Nous risquons de couler 50 années d’histoire européenne

Au cours d’une discussion organisée à Berlin le 6 avril par The European Council on Foreign Relations, le philosophe Jürgen Habermas a critiqué les élites politiques et notamment le gouvernement allemand pour fuir leurs responsabilités et ne pas redonner aux citoyens le goût de l’Europe. La redécouverte de l’Etat-nation après la réunification allemande détourne Berlin des priorités européennes, estime Habermas. L’opportunisme politique qui a l’œil rivé sur les derniers sondages d’opinion explique aussi ce désenchantement qui n’est pas propre à l’Allemagne. Nous publions ci-dessous en français de larges extraits du discours prononcé par Jürgen Habermas (traduction Boulevard-Exterieur).
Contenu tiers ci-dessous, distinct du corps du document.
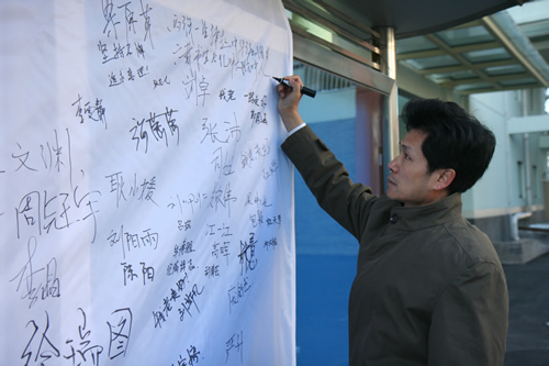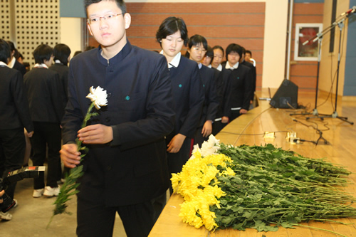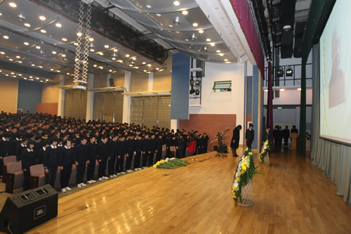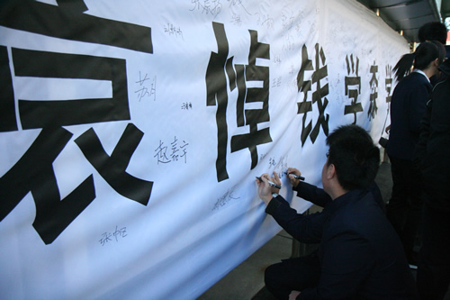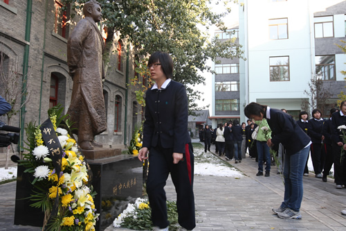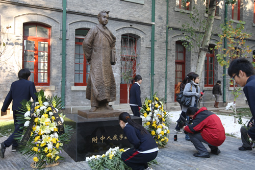 庄严的升旗仪式之后,全校师生为钱学森校友默哀一分钟。刘沪校长代表学校向全校师生介绍了钱学森校友生平,深情回顾了钱老及其家人与附中的联系,表达了全校师生对国家痛失栋梁的哀痛之情。他号召全校同学以钱学森为榜样,树立爱国大志,全面发展,以实际行动纪念钱学森学长。学生代表高二10班冯子航同学发言,表示要以钱学森学长为榜样,努力成才,报效祖国。集会后同学们纷纷在巨型条幅上写下对老学长的无比崇敬与无限哀思。随后同学们来到校园内的钱学森铜像前献上鲜花,并参观学校刚刚落成的钱学森展览馆,深情缅怀这位对国家民族做出了巨大贡献的杰出学长。

(Texte original en allemand : http://www.ecfr.eu/page/-/Habermas%20PDF.pdf)

Les derniers jours de mars ont été dominés par deux grands événements politiques. La défaite des partis de la coalition gouvernementale de Berlin dans le berceau de la démocratie-chrétienne a signé la sortie rapide de l’énergie nucléaire. Deux jours auparavant, le conseil européen avait lié ses décisions sur la stabilisation de la monnaie commune à une initiative en faveur d’une coordination nécessaire depuis longtemps des politiques économiques des Etats membres. Toutefois l’importance de cette avancée de l’intégration politique a été à peine remarquée quand les deux événements proposent un contraste saisissant. Dans le Bade-Wurtemberg un mouvement social a renversé une mentalité bien enracinée sur laquelle les élites industrielles se reposaient jusqu’ alors, après quarante ans de protestation de la part de la société civile. A Bruxelles, après un an de spéculation contre l’euro, a été décidé, derrière des portes closes, un paquet de mesures « pour la gouvernance économique » dont les conséquences occuperont avant tout les juristes, les économistes et les politologues. Nous avons face à face un changement de mentalité imposé d’en bas et une avancée vers l’intégration et la coopération des gouvernements nationaux imposée à court terme par les marchés financiers.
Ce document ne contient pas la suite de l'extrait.